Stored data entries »
----

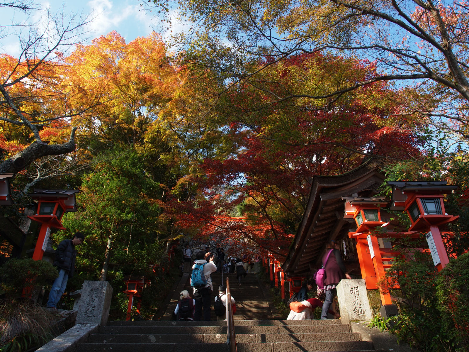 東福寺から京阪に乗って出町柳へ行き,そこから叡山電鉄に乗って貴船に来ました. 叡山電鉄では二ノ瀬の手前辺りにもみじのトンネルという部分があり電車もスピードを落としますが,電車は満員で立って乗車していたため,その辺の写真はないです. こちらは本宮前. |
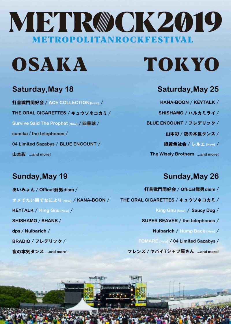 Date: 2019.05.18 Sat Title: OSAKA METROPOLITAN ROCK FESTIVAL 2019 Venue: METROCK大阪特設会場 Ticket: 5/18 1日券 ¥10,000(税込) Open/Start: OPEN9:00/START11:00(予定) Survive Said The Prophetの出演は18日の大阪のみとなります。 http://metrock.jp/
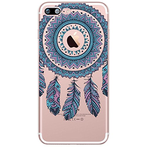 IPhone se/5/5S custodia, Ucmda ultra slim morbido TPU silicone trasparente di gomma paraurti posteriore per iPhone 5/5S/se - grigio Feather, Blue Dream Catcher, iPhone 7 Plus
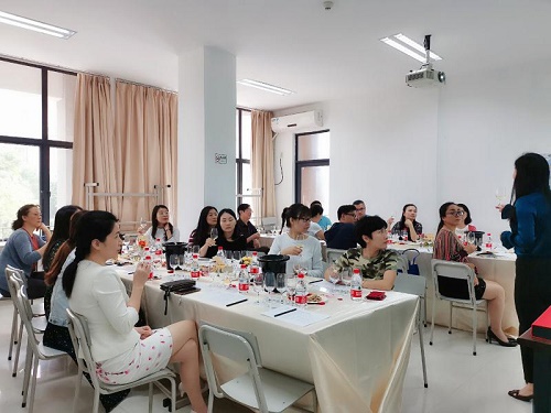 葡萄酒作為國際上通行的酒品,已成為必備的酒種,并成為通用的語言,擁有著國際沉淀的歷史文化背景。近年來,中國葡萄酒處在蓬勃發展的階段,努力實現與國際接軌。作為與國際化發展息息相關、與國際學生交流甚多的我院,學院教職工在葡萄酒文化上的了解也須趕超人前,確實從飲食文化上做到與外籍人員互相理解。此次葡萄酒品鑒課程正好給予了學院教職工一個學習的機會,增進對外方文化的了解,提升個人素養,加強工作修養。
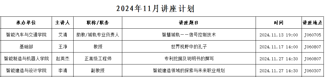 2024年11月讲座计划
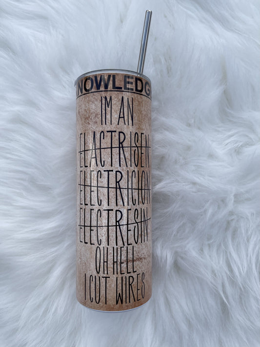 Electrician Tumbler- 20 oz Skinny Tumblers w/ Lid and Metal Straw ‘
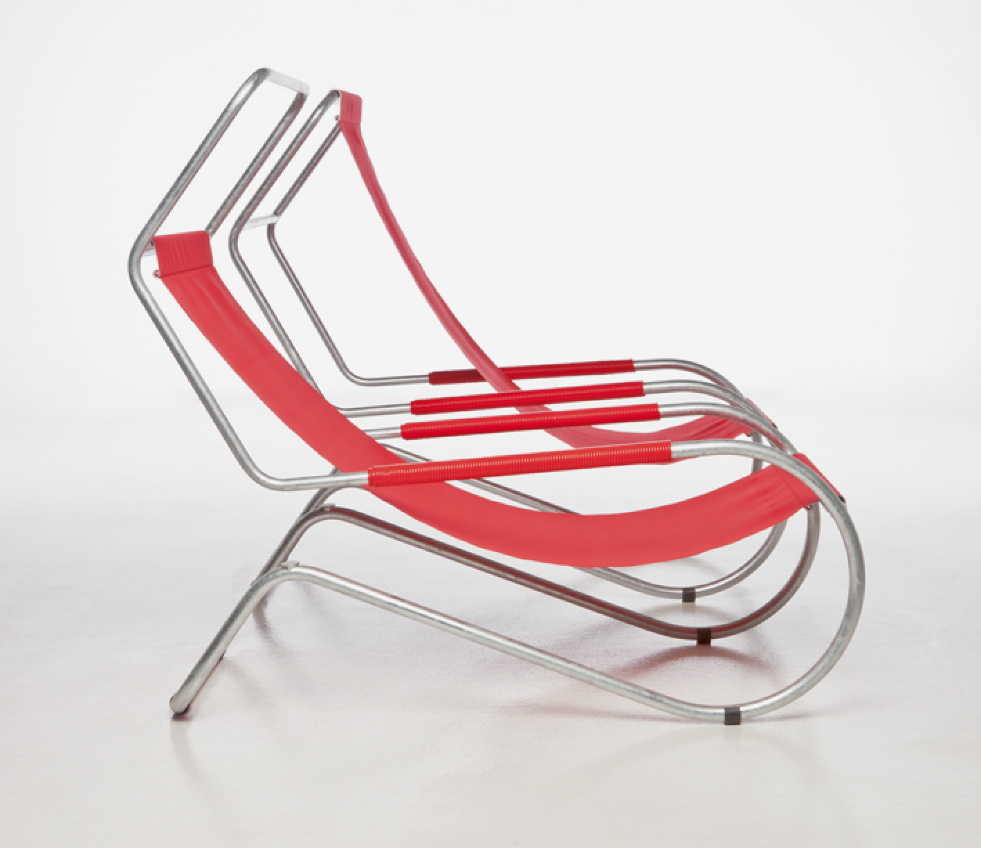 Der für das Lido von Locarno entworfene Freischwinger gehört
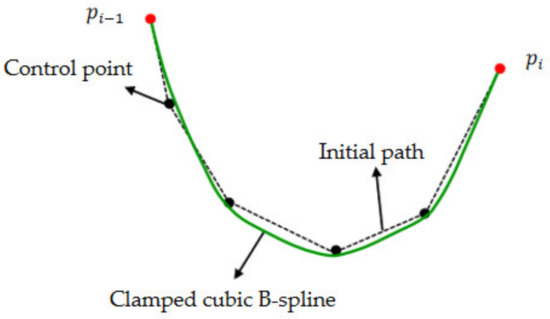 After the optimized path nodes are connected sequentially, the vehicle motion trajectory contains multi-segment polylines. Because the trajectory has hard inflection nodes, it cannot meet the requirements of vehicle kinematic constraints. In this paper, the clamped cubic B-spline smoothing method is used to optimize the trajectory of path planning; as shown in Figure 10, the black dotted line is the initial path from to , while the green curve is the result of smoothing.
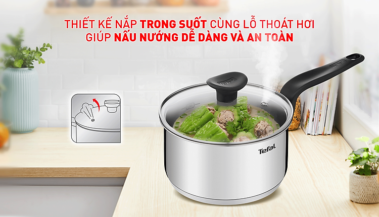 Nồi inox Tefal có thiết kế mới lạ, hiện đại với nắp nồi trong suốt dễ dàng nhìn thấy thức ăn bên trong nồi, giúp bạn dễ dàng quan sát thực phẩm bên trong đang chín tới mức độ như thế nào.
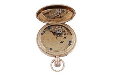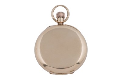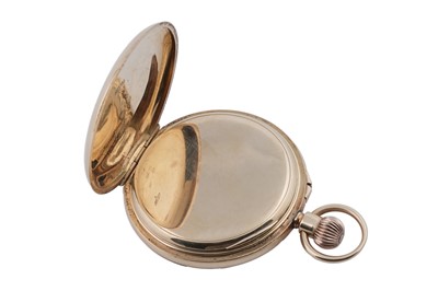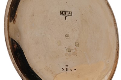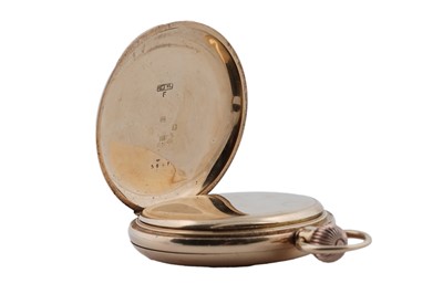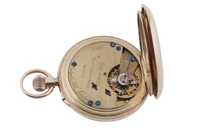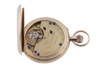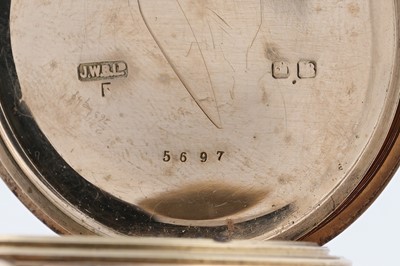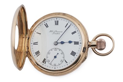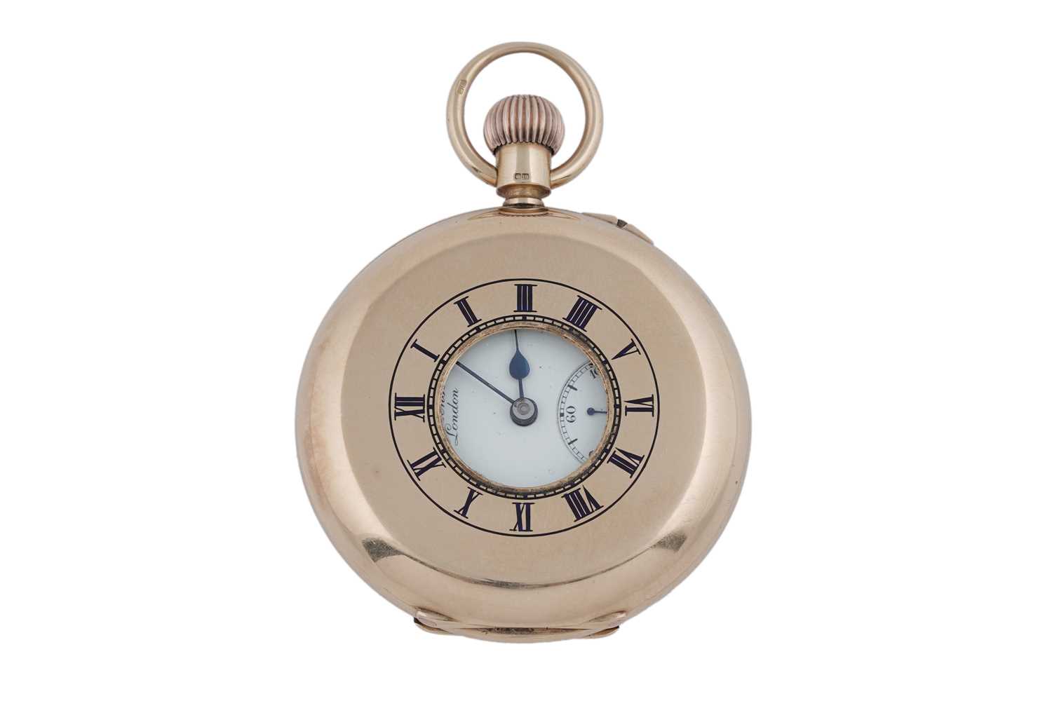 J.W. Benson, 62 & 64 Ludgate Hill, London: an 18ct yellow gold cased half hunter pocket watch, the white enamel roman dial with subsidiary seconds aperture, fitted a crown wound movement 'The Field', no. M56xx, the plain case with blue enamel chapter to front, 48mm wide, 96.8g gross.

----

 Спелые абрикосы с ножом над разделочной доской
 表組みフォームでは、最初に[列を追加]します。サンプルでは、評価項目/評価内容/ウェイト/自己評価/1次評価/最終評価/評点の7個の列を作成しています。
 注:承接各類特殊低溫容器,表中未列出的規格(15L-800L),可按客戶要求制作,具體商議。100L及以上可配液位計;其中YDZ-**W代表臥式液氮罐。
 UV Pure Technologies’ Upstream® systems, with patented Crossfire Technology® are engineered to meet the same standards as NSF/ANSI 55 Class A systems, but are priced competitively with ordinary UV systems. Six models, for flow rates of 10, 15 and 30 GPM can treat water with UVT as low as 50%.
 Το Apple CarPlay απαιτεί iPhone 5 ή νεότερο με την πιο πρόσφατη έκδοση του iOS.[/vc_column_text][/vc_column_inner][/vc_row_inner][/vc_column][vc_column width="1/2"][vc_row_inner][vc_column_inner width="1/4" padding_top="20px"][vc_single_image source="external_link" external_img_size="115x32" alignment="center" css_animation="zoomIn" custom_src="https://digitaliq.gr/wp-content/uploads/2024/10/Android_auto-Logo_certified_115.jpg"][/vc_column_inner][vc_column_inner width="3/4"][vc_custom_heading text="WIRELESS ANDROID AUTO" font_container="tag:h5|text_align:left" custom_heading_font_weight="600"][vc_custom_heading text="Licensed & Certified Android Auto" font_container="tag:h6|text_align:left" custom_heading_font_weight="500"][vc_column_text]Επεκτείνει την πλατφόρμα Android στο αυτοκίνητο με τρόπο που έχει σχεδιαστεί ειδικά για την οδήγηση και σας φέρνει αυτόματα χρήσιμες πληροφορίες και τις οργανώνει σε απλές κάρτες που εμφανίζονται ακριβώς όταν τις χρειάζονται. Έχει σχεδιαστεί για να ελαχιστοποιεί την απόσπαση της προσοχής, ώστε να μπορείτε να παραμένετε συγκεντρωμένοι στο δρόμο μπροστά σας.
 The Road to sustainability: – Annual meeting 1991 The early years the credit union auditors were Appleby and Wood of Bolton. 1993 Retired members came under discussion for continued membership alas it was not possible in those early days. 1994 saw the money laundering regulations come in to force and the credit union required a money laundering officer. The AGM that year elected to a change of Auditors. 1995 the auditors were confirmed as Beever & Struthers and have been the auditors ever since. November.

----

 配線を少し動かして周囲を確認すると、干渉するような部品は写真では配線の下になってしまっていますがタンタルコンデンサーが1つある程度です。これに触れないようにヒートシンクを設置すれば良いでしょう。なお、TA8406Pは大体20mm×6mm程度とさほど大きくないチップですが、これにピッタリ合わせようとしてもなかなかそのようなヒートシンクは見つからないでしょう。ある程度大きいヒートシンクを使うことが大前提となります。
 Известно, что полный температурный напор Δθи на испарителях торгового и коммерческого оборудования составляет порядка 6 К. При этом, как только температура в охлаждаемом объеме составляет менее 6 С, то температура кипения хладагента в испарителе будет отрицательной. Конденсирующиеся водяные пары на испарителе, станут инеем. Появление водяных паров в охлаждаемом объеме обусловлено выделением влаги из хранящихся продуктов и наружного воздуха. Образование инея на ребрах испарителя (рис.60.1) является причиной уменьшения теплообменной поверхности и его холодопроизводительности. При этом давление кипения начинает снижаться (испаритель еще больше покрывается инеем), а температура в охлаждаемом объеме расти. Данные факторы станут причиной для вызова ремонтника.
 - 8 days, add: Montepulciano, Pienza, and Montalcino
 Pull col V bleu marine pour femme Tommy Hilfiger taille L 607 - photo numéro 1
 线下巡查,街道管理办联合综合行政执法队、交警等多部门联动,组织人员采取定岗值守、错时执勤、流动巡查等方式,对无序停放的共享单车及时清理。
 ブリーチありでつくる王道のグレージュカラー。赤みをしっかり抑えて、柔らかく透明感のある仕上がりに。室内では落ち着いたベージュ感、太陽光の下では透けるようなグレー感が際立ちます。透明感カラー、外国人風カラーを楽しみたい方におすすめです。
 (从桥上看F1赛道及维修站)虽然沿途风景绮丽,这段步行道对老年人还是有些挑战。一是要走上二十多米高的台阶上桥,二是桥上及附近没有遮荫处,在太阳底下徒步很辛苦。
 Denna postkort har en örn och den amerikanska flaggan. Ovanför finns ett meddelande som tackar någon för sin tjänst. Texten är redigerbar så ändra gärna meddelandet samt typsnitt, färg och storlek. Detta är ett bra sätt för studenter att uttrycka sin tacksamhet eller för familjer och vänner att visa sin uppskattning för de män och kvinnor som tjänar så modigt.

----

Print exactly the lines above from the one with "- 8 days, add: Montepulciano, Pienza, and" to the one with "Denna postkort har", including both.

Exercise answer »
 - 8 days, add: Montepulciano, Pienza, and Montalcino
 Pull col V bleu marine pour femme Tommy Hilfiger taille L 607 - photo numéro 1
 线下巡查,街道管理办联合综合行政执法队、交警等多部门联动,组织人员采取定岗值守、错时执勤、流动巡查等方式,对无序停放的共享单车及时清理。
 ブリーチありでつくる王道のグレージュカラー。赤みをしっかり抑えて、柔らかく透明感のある仕上がりに。室内では落ち着いたベージュ感、太陽光の下では透けるようなグレー感が際立ちます。透明感カラー、外国人風カラーを楽しみたい方におすすめです。
 (从桥上看F1赛道及维修站)虽然沿途风景绮丽,这段步行道对老年人还是有些挑战。一是要走上二十多米高的台阶上桥,二是桥上及附近没有遮荫处,在太阳底下徒步很辛苦。
 Denna postkort har en örn och den amerikanska flaggan. Ovanför finns ett meddelande som tackar någon för sin tjänst. Texten är redigerbar så ändra gärna meddelandet samt typsnitt, färg och storlek. Detta är ett bra sätt för studenter att uttrycka sin tacksamhet eller för familjer och vänner att visa sin uppskattning för de män och kvinnor som tjänar så modigt.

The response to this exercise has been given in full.